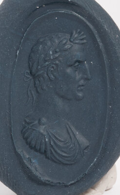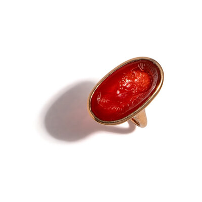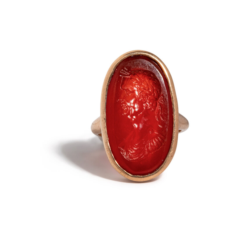 A Neoclassical Carnelian and Gold Finger Ring with a Portrait Bust of the Roman Emperor Augustus
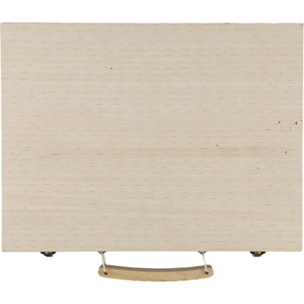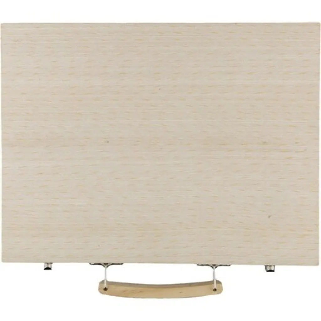 Set za crtanje s drvenom kutijom od borove šperploče i drvenom ručkom, sadrži 66 dijelova: 12 voštanih bojica, 12 obojenih olovaka (naoštrenih), 12 flomastera, 12 uljanih bojica, štapić ljepila, gumicu, oštrilo, ravnalo, kist, 12 boja, paletu, pakirano pojedinačno u smeđu kartonsku kutiju.
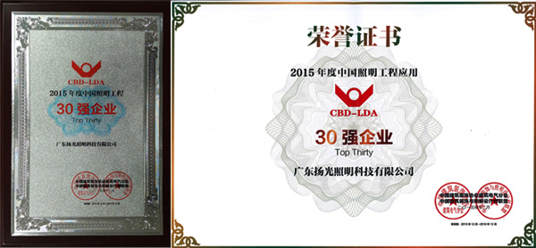 照明工程30強企業”的殊榮,是廣大客戶對揚光

**GOAL OF THE EXERCISE**
Pictures aside, the material must be written out word for word.

**PROBLEM SOLUTION**
 A Neoclassical Carnelian and Gold Finger Ring with a Portrait Bust of the Roman Emperor Augustus
 Set za crtanje s drvenom kutijom od borove šperploče i drvenom ručkom, sadrži 66 dijelova: 12 voštanih bojica, 12 obojenih olovaka (naoštrenih), 12 flomastera, 12 uljanih bojica, štapić ljepila, gumicu, oštrilo, ravnalo, kist, 12 boja, paletu, pakirano pojedinačno u smeđu kartonsku kutiju.
 照明工程30強企業”的殊榮,是廣大客戶對揚光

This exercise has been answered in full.